§ What is expected
Don't include any picture when you restate the data word for word.
____
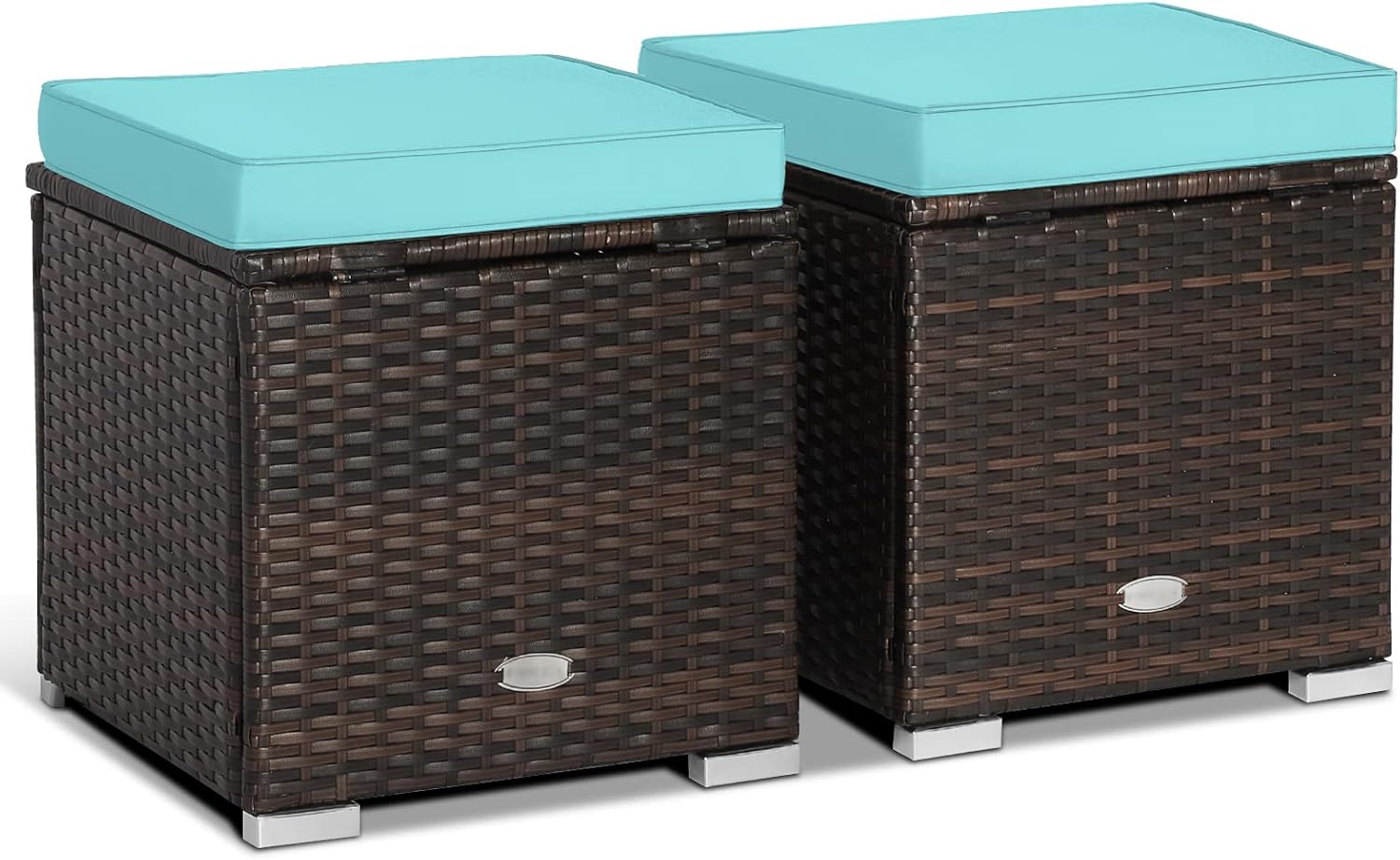 Description: Happygrill set of 2 rattan ottomans will bring you much comfort for outdoor relaxation. Equipped with zippered comfy cushions filled with high-density sponge, the ottomans not only make your feet relaxed, but also provide you with additional seat for outdoor relaxation. You can also remove the cushion and turn the ottoman into a side table for more convenience. And there is ample storage space inside after you opening the top lid. What's more, the 2 ottomans are quite sturdy with the reinforced metal frame. Its PE rattan surface adds more elegance and ensures longer service life. All in all, the 2 patio ottomans are perfect for multiple occasions such as poolside, balcony and so on. Note: Please avoid rain exposure for long-lasting service life Note: Color difference may occur due to different lights or monitors Features: Can be used as a storage box, a footstool, a side table or an additional seat Ample storage space inside offers more convenience Soft seat cushions bring you optimal comfort Smooth zippers make the cushion cover easy to remove and wash Stable metal frame ensures 350 lbs heavy weight Hand-woven PE rattan is elegant and durable Horn button and elastic rope keep the cushion in place Anti-slip footpads protect the ground from scratches Easy to assemble with the clear instruction Specifications: Color of PE Rattan: Mix Brown Color of Cushion: Beige/Off White/Red/Turquoise/Gray/Navy Material: Metal, PE Rattan, Sponge, Polyester Ottoman: 16" x 16" x 15.5"(L x W x H) Cushion: 16" x 16" x 2.5"(L x W x Thickness) Inner Space: 14" x 14" x 13"(L x W x H) Weight Capacity: 350 lbs Net Weight of Each Ottoman: 9 lbs Package Includes: 2 x Ottomans 2 x Cushions 1 x Instruction
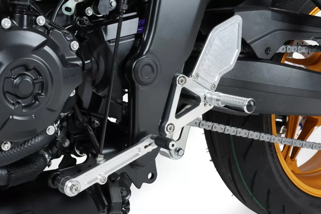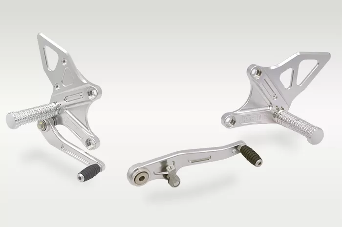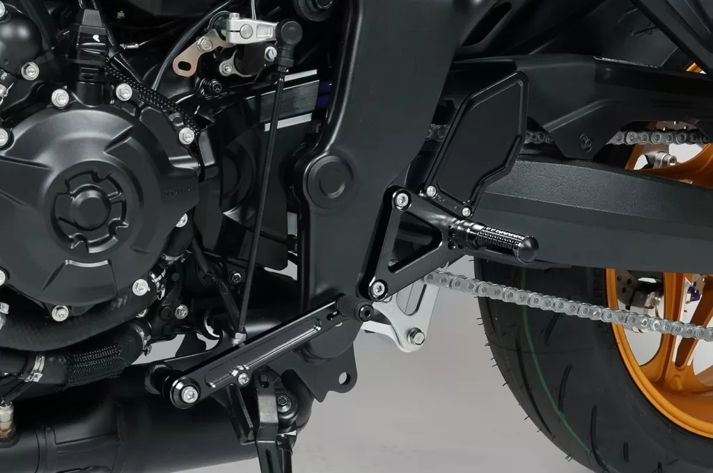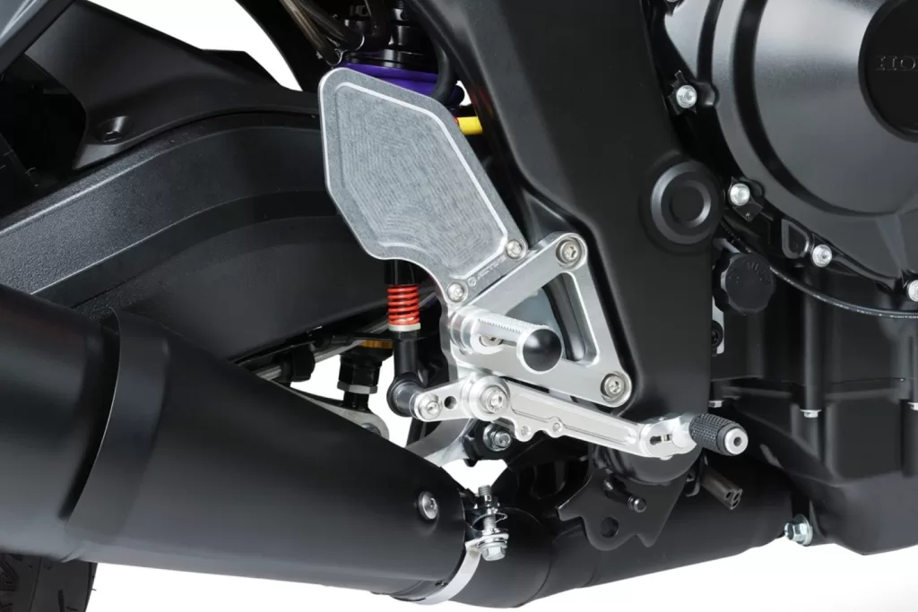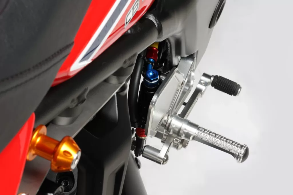 モリワキ製の「バックステップキット」は、独自の3D切削によって生み出された一体感のある造形が特徴です。パーツを一体化することで、操作時の「しなり」を抑え、ライダーの入力を無駄なく車体に伝えてくれます。
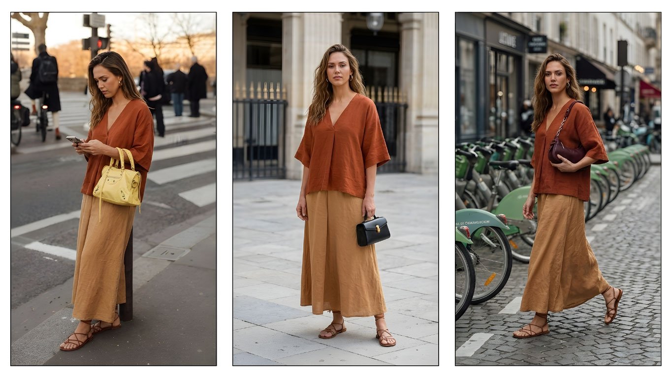 If your Pinterest saves have been filling up with sandy textures and rust-colored linen sets, you’re already ahead of the curve on this year’s seasonal fashion direction. The combination of burnt sienna and honey-gold tones mirrors the golden hour itself, warm, luminous, and completely magnetic. These are the pieces worth building your whole summer around.
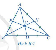 Quan sát các đường trung tuyến AM, BN, CP của tam giác ABC trong Hình 102, cho biết ba đường trung tuyến đó có cùng đi qua một điểm hay không.
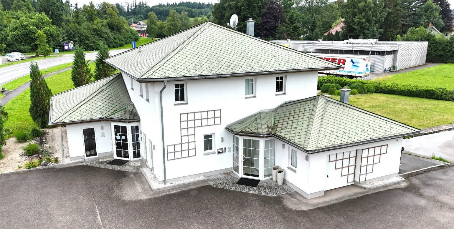 Am Ortsrand von Vöcklamarkt, direkt an der L1287 „Pfaffinger Straße“, steht auf dem 1.765 m² großen Grundstück großes Wohn- und Geschäftshaus in einem Mischgebiet zum Verkauf. Das Grundstück besteht aus zwei Bauparzellen und ließe im Westen auch noch eine großzügige Erweiterung oder aber auch einen weiteren Neubau eines Objektes zu.
____
§ Expected output
 Description: Happygrill set of 2 rattan ottomans will bring you much comfort for outdoor relaxation. Equipped with zippered comfy cushions filled with high-density sponge, the ottomans not only make your feet relaxed, but also provide you with additional seat for outdoor relaxation. You can also remove the cushion and turn the ottoman into a side table for more convenience. And there is ample storage space inside after you opening the top lid. What's more, the 2 ottomans are quite sturdy with the reinforced metal frame. Its PE rattan surface adds more elegance and ensures longer service life. All in all, the 2 patio ottomans are perfect for multiple occasions such as poolside, balcony and so on. Note: Please avoid rain exposure for long-lasting service life Note: Color difference may occur due to different lights or monitors Features: Can be used as a storage box, a footstool, a side table or an additional seat Ample storage space inside offers more convenience Soft seat cushions bring you optimal comfort Smooth zippers make the cushion cover easy to remove and wash Stable metal frame ensures 350 lbs heavy weight Hand-woven PE rattan is elegant and durable Horn button and elastic rope keep the cushion in place Anti-slip footpads protect the ground from scratches Easy to assemble with the clear instruction Specifications: Color of PE Rattan: Mix Brown Color of Cushion: Beige/Off White/Red/Turquoise/Gray/Navy Material: Metal, PE Rattan, Sponge, Polyester Ottoman: 16" x 16" x 15.5"(L x W x H) Cushion: 16" x 16" x 2.5"(L x W x Thickness) Inner Space: 14" x 14" x 13"(L x W x H) Weight Capacity: 350 lbs Net Weight of Each Ottoman: 9 lbs Package Includes: 2 x Ottomans 2 x Cushions 1 x Instruction
 モリワキ製の「バックステップキット」は、独自の3D切削によって生み出された一体感のある造形が特徴です。パーツを一体化することで、操作時の「しなり」を抑え、ライダーの入力を無駄なく車体に伝えてくれます。
 If your Pinterest saves have been filling up with sandy textures and rust-colored linen sets, you’re already ahead of the curve on this year’s seasonal fashion direction. The combination of burnt sienna and honey-gold tones mirrors the golden hour itself, warm, luminous, and completely magnetic. These are the pieces worth building your whole summer around.
 Quan sát các đường trung tuyến AM, BN, CP của tam giác ABC trong Hình 102, cho biết ba đường trung tuyến đó có cùng đi qua một điểm hay không.
 Am Ortsrand von Vöcklamarkt, direkt an der L1287 „Pfaffinger Straße“, steht auf dem 1.765 m² großen Grundstück großes Wohn- und Geschäftshaus in einem Mischgebiet zum Verkauf. Das Grundstück besteht aus zwei Bauparzellen und ließe im Westen auch noch eine großzügige Erweiterung oder aber auch einen weiteren Neubau eines Objektes zu.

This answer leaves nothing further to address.